→ **TASK TO COMPLETE**
Retype word for word the stretch of entries below from the line that has "パーム(手のひら)サイズの小" through the line that has "Auovo Dash Cover", and omit the pictures.

→ **THE RECORDS**
========================================
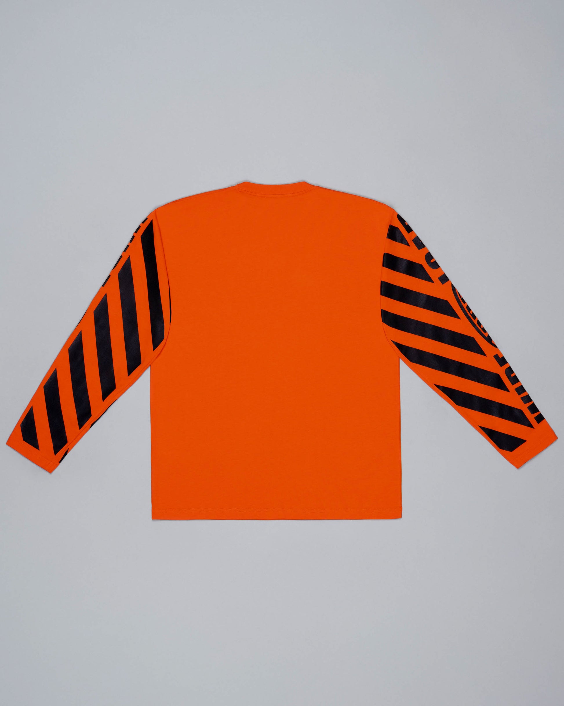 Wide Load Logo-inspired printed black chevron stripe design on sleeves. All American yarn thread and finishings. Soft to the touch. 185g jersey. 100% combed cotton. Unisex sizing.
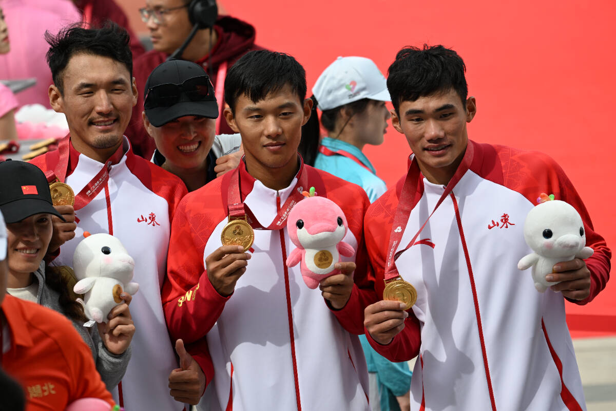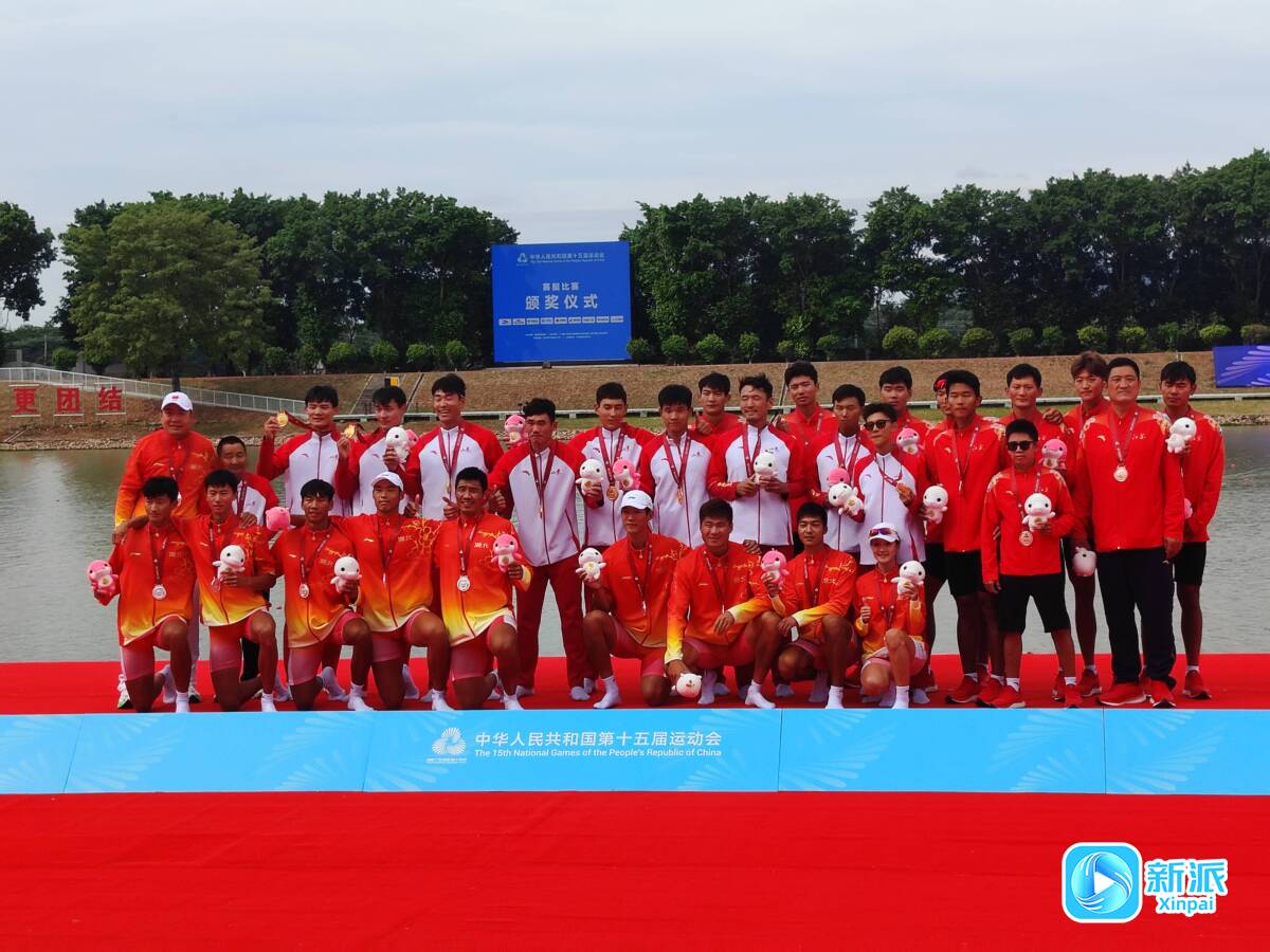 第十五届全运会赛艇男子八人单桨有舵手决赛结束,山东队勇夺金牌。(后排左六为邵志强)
========================================
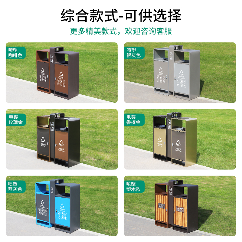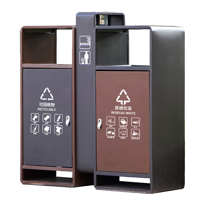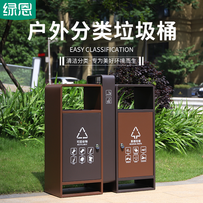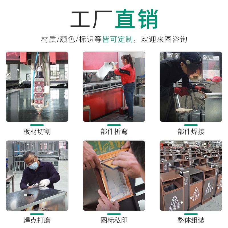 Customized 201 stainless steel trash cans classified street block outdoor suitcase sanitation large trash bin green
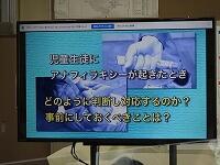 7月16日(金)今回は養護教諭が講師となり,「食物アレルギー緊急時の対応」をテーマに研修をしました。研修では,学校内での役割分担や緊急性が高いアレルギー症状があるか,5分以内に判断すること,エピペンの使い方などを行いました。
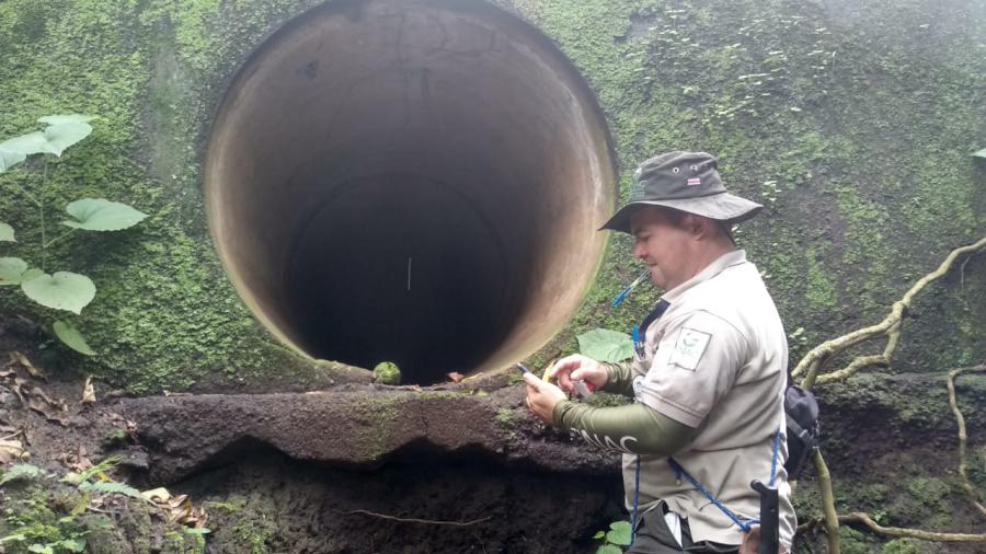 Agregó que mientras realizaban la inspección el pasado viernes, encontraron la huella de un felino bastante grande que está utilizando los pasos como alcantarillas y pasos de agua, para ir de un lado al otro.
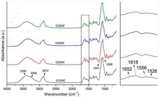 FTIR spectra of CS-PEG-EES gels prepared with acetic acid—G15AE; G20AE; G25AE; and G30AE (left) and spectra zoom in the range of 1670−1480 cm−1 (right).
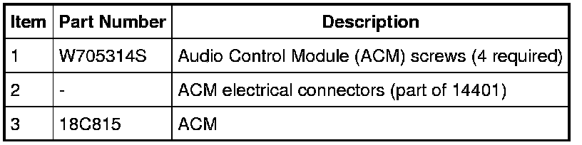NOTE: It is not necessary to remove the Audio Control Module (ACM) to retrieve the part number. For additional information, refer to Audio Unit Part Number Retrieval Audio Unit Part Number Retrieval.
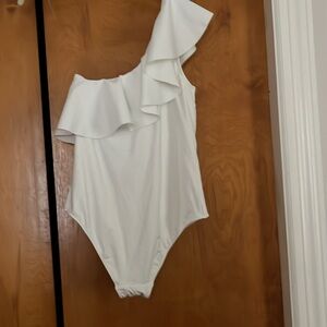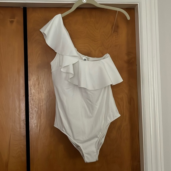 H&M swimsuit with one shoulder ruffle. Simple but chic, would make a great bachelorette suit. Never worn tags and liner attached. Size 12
========================================
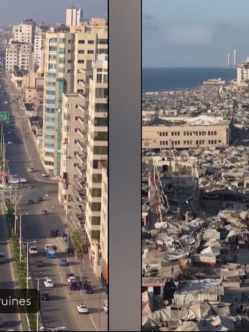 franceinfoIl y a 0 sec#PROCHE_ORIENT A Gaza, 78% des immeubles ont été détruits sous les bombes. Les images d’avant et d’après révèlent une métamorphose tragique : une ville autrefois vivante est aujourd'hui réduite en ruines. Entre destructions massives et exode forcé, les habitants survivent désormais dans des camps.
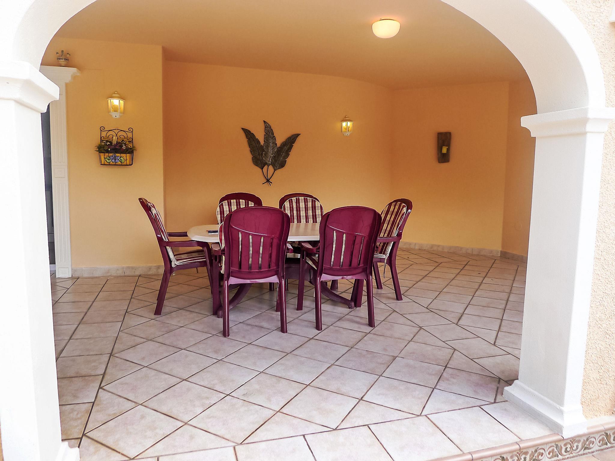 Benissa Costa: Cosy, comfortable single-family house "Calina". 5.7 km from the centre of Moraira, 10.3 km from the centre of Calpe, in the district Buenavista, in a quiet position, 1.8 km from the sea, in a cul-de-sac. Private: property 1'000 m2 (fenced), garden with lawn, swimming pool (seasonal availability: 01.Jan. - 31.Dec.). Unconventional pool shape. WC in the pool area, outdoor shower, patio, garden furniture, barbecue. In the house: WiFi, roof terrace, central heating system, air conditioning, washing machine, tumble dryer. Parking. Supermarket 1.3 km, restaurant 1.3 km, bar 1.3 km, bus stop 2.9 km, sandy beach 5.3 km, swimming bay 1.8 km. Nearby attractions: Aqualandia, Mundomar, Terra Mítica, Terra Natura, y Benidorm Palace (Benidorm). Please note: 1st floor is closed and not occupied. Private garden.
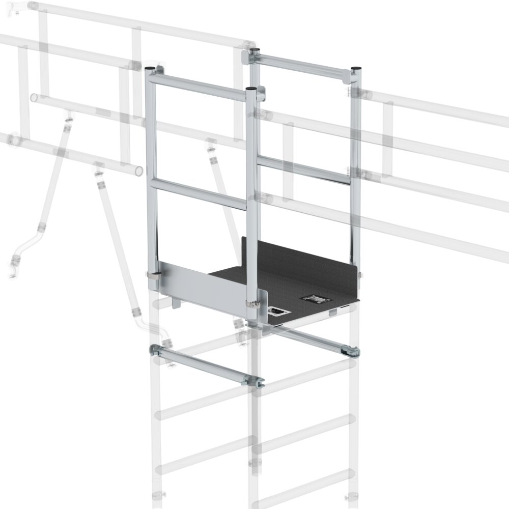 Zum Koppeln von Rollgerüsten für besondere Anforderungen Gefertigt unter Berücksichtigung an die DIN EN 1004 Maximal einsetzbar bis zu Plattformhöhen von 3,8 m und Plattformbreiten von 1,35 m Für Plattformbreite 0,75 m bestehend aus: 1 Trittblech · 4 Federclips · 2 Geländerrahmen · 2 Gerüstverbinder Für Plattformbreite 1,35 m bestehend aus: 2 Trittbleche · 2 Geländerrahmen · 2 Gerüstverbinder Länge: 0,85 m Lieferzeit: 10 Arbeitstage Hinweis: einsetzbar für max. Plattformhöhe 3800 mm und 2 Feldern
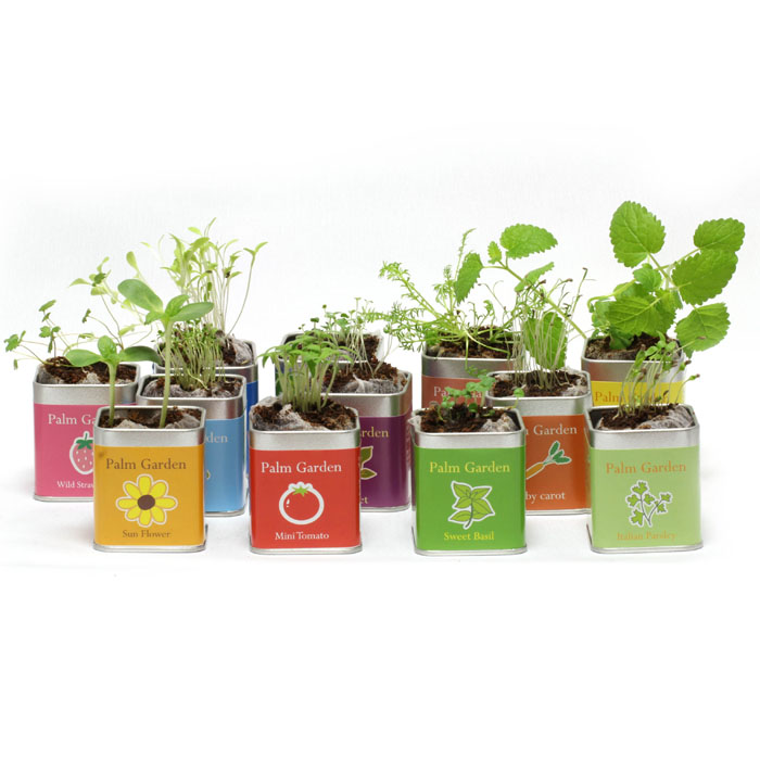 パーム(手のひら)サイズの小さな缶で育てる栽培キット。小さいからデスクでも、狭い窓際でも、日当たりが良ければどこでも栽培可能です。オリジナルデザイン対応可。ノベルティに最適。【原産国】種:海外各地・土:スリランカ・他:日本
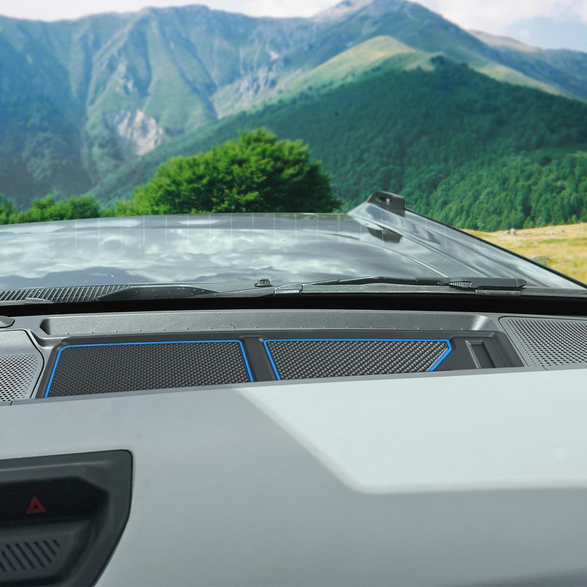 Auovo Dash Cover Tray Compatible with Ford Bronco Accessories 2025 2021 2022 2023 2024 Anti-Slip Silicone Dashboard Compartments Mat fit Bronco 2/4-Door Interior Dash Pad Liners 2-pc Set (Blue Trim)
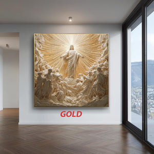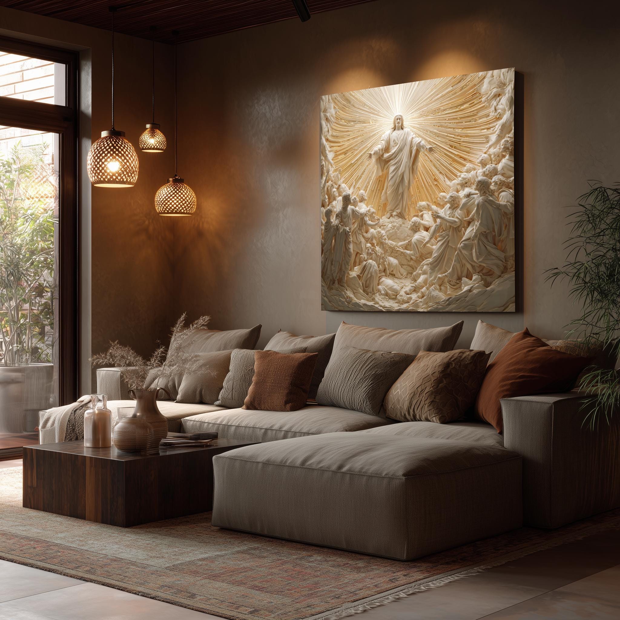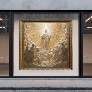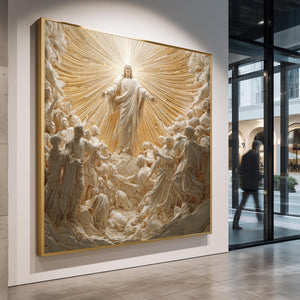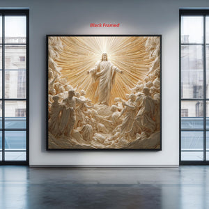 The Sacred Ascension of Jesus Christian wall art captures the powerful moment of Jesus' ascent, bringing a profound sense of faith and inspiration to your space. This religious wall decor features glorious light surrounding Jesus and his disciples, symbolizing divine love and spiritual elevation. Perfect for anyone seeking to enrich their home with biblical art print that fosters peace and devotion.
========================================
→ **TASK OUTPUT**
 パーム(手のひら)サイズの小さな缶で育てる栽培キット。小さいからデスクでも、狭い窓際でも、日当たりが良ければどこでも栽培可能です。オリジナルデザイン対応可。ノベルティに最適。【原産国】種:海外各地・土:スリランカ・他:日本
 Auovo Dash Cover Tray Compatible with Ford Bronco Accessories 2025 2021 2022 2023 2024 Anti-Slip Silicone Dashboard Compartments Mat fit Bronco 2/4-Door Interior Dash Pad Liners 2-pc Set (Blue Trim)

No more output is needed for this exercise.